(Beginning of ENTRIES PROVIDED)

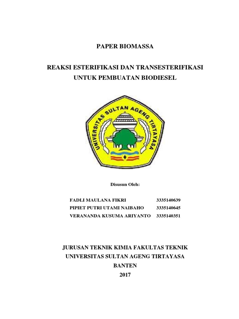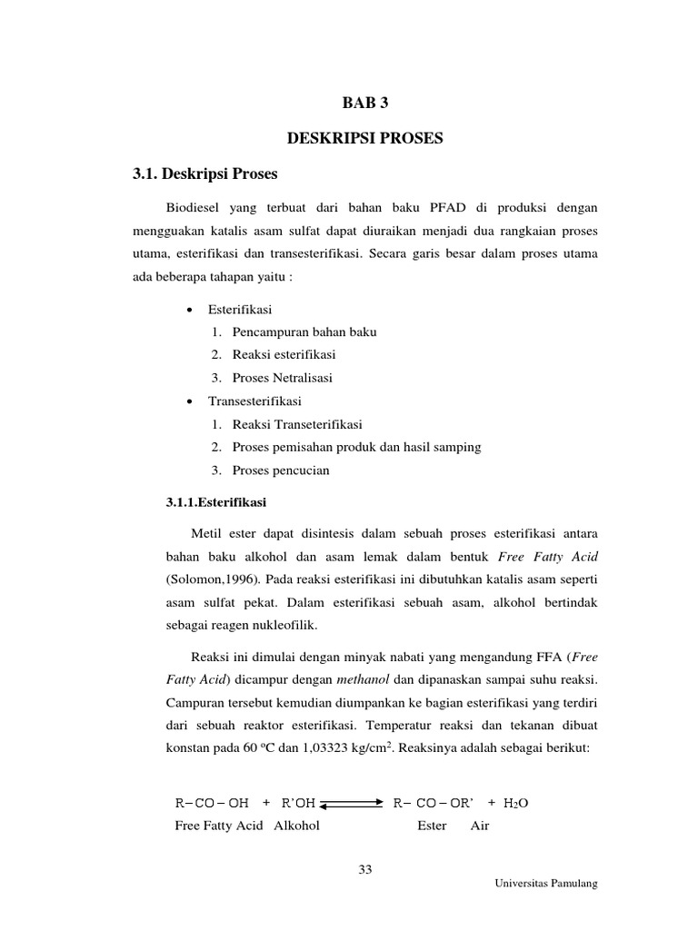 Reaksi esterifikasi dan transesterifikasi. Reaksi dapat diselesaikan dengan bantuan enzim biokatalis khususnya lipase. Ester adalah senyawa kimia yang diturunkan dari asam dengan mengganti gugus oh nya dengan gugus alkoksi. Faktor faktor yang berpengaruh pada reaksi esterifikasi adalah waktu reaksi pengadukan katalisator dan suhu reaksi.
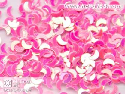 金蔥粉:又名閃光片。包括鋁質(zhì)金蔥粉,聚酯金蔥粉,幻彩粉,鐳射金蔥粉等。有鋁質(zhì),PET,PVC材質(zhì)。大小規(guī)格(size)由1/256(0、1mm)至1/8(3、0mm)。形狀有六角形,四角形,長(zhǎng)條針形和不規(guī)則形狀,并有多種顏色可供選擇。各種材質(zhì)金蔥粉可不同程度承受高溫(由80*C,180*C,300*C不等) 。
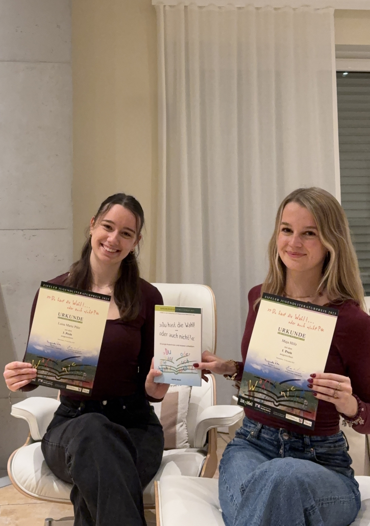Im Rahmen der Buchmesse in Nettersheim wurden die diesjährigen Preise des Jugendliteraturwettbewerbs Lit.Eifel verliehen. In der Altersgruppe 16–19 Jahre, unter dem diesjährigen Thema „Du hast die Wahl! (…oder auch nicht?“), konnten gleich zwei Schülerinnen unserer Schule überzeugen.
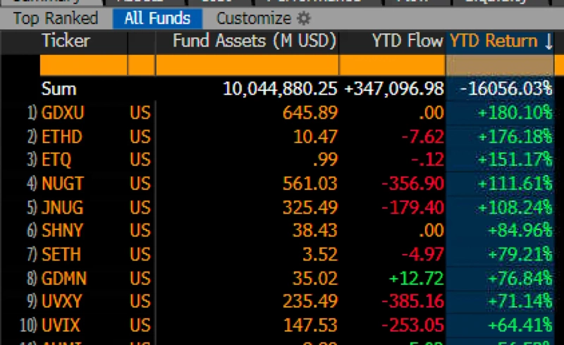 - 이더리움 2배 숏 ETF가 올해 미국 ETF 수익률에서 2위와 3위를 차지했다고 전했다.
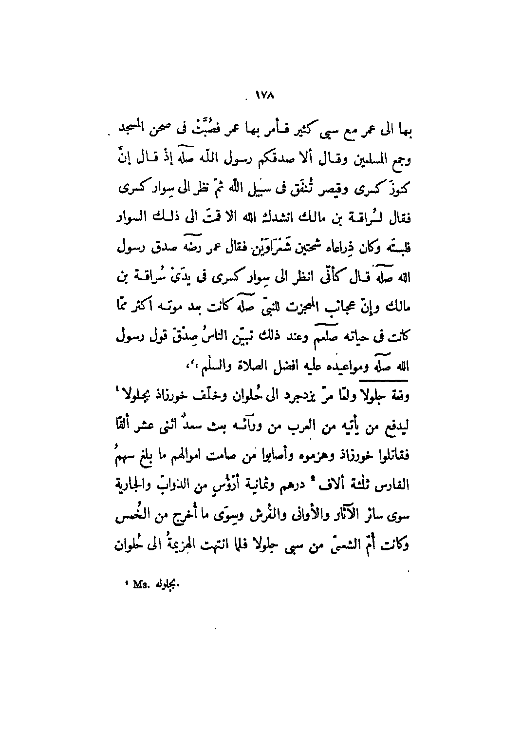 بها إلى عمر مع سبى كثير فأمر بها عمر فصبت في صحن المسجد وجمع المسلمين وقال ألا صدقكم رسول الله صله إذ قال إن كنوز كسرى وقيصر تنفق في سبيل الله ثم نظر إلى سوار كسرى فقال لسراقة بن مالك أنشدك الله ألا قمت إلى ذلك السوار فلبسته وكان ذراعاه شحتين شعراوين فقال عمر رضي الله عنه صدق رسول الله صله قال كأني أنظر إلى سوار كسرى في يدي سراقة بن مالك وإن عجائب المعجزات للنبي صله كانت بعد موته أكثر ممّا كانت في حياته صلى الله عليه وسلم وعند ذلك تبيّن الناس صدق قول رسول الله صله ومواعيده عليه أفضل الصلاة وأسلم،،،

(End of ENTRIES PROVIDED)
(Beginning of ENTRIES PROVIDED)

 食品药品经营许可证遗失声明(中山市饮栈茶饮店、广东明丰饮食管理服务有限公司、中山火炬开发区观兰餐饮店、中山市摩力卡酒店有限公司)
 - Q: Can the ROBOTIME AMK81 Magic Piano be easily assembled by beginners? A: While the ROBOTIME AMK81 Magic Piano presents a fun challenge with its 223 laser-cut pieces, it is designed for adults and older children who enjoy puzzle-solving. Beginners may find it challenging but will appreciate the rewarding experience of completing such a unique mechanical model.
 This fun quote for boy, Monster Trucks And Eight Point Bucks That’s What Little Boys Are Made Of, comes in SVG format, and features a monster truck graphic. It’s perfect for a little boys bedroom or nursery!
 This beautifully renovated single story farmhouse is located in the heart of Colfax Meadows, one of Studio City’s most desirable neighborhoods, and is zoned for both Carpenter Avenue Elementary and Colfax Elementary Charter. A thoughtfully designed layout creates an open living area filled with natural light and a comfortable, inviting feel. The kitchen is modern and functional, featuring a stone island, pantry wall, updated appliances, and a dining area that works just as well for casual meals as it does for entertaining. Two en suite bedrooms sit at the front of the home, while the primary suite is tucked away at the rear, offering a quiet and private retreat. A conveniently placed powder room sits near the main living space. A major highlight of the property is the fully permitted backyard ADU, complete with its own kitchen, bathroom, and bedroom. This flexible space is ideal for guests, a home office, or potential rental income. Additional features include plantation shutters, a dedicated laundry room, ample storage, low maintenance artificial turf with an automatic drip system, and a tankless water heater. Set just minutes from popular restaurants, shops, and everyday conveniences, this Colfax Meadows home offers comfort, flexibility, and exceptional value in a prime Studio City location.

(End of ENTRIES PROVIDED)

TO DO: For the material above, give again only the lines starting at the line that contains "Reaksi esterifikasi dan" and ending at the line that contains "بها إلى عمر". Pictures do not belong in the copy.

RESULT FOR THIS EXERCISE:
 Reaksi esterifikasi dan transesterifikasi. Reaksi dapat diselesaikan dengan bantuan enzim biokatalis khususnya lipase. Ester adalah senyawa kimia yang diturunkan dari asam dengan mengganti gugus oh nya dengan gugus alkoksi. Faktor faktor yang berpengaruh pada reaksi esterifikasi adalah waktu reaksi pengadukan katalisator dan suhu reaksi.
 金蔥粉:又名閃光片。包括鋁質(zhì)金蔥粉,聚酯金蔥粉,幻彩粉,鐳射金蔥粉等。有鋁質(zhì),PET,PVC材質(zhì)。大小規(guī)格(size)由1/256(0、1mm)至1/8(3、0mm)。形狀有六角形,四角形,長(zhǎng)條針形和不規(guī)則形狀,并有多種顏色可供選擇。各種材質(zhì)金蔥粉可不同程度承受高溫(由80*C,180*C,300*C不等) 。
Im Rahmen der Buchmesse in Nettersheim wurden die diesjährigen Preise des Jugendliteraturwettbewerbs Lit.Eifel verliehen. In der Altersgruppe 16–19 Jahre, unter dem diesjährigen Thema „Du hast die Wahl! (…oder auch nicht?“), konnten gleich zwei Schülerinnen unserer Schule überzeugen.
 - 이더리움 2배 숏 ETF가 올해 미국 ETF 수익률에서 2위와 3위를 차지했다고 전했다.
 بها إلى عمر مع سبى كثير فأمر بها عمر فصبت في صحن المسجد وجمع المسلمين وقال ألا صدقكم رسول الله صله إذ قال إن كنوز كسرى وقيصر تنفق في سبيل الله ثم نظر إلى سوار كسرى فقال لسراقة بن مالك أنشدك الله ألا قمت إلى ذلك السوار فلبسته وكان ذراعاه شحتين شعراوين فقال عمر رضي الله عنه صدق رسول الله صله قال كأني أنظر إلى سوار كسرى في يدي سراقة بن مالك وإن عجائب المعجزات للنبي صله كانت بعد موته أكثر ممّا كانت في حياته صلى الله عليه وسلم وعند ذلك تبيّن الناس صدق قول رسول الله صله ومواعيده عليه أفضل الصلاة وأسلم،،،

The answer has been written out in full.